Eles eram tão parecidos, no entanto, o garotinho também tinha muito de si, nele. E o gosto por livros enormes, era um fato que a deixava bastante orgulhosa.
E segundo Draco, ele seria um sabe-tudo também, apesar de fechar a cara com os comentários do marido, no seu íntimo gostava bastante dessa afirmação. E sabia que o marido também, afinal ele olhava para o filho com orgulho, sempre que o via com um livro maior e mais pesado que seu próprio corpo.

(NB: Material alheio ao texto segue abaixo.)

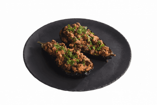 Spread this mixture on the eggplants like sandwiches, place them on a parchment-lined baking sheet, and put in a preheated oven at 200 degrees for 30-35 minutes until the eggplants are browned and soft.
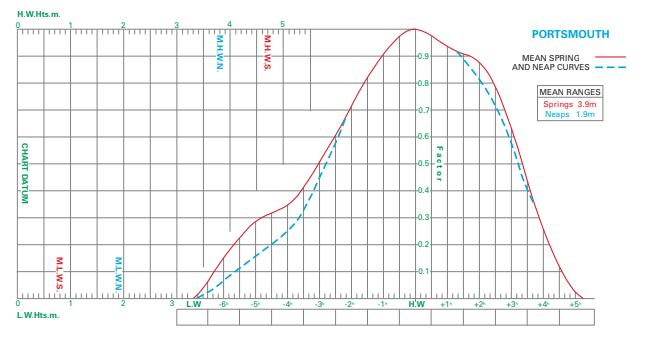 L’idée des tables des marées de Reeds (un fournisseur anglais populaire) est de fournir un graphique typique de le courbe de marée de la région. Ce graphique doit ensuite être calibré en fonction du marnage et de la durée du cycle de marée (comme on le fait avec les tables 5 et 5A de Transport Canada). Une fois calibré, on peut interroger le graphique pour déduire les informations requises pour notre fenêtre de marées. Ci-dessous, je présente une image d’un graphique type pour la ville de Portsmouth.
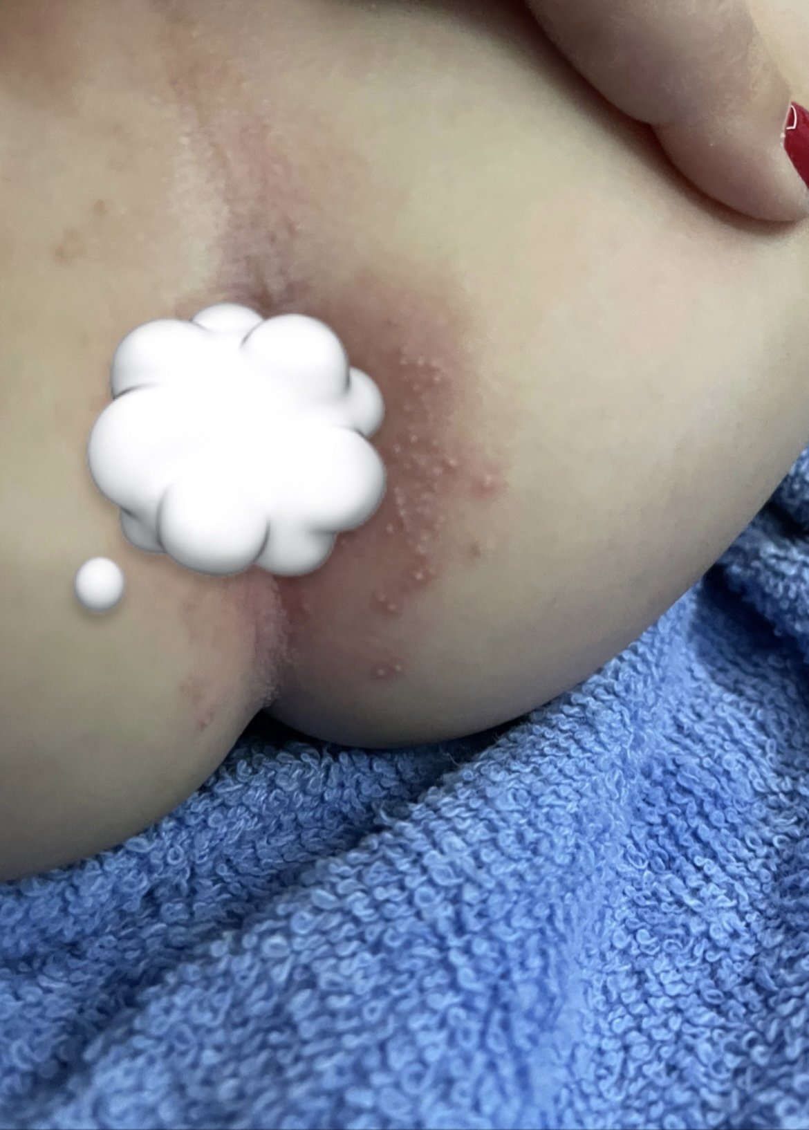 Подсечено прюс вероятно гъбички, обикновено съм чела,че изписват клотримазол крем, но това вече след лекарски преглед.Правете бани със смрадлика, повече да диша кожата на въздух на чаршафче по голо дупе, миене, без мокри кърпи, джинджира може,както и ако имате някоя мостра, имаше един подсушаващ лосион Цителиум.
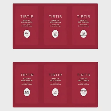TIRTIR Mask Fit Red Cushion 6 Shades Trial Kit Light (13C–17W) probni je set od 6 uzoraka po 1 g namijenjen svjetlijim nijansama tena, s fok... Pročitaj više

Espreguiçou-se, enquanto relembrava que na noite passada, tivera a primeira briga com o marido, afinal ele simplesmente esqueceu que completavam 5 anos de casados, na noite anterior.
Mais agora, analisando a situação, percebeu que exagerou um pouco com o mesmo, e queria recompensa-lo pela sua explosão, afinal ele até sugeriu que saíssem para comemorar, porém a raiva e certa magoa falará mais alto, no primeiro momento.
Deu um beijo no rosto de cada um e seguiu para a cozinha, pensando em que poderia preparar para o filho e o marido. No fim, resolveu preparar a famosa torta de maçã da mãe, guloseima que os dois Malfoys, gostavam bastante e sempre comiam mais de dois pedaços.
Quando Draco a pediu em casamento, sua mãe lhe arrastou para casa, durante um mês, com o intuito de lhe ensinar a cozinhar e depois de muitas refeições queimadas, sem sal, sem gosto e também passada do ponto, crua demais, assada demais, enfim obteve sucesso no preparo de algumas refeições.
E quando tomou gosto pela arte da cozinha, se aventurou mais vezes, fazendo o noivo de cobaia e mesmo errando algumas vezes diversos pratos, Draco sempre tentava não demostrar insatisfação pela comida, mesmo ela ciente de que a refeição estava horrível.
E ela até achava fofo, vê-lo fingir que gostou, só para não deixa-la triste ou desanimada. Estava tão pensativa, ajeitando a mesa, que quando deu por si, compreenderá que já tinha colocado toda a mesa.
Observou a mesa, bastante satisfeita com seu trabalho e colocando a torta já pronta, em cima da mesa, Draco e Anthony surgiram da porta da cozinha, com o filho, coçando os olhinhos, enquanto trazia um ursinho de pelúcia em suas mãos.
Um bichinho que ela nunca vira antes.
— Bom dia, mamãe – saudou sentando-se, olhando para a bela mesa, posta a sua frente – Torta de maçã – comentou se empolgando, ficando em cima da mesa, sentindo o cheiro da torta.
— Bom dia, meu bruxinho – o saudou também, sorrindo enquanto o filho ainda olhava para a torta com bastante interesse, ao mesmo tempo em que sorria, olhando para a mãe e para o pai, algumas vezes – Sim, acordei com vontade de preparar a torta – comentou sorrindo, colocando um pouco de leite quente no copo.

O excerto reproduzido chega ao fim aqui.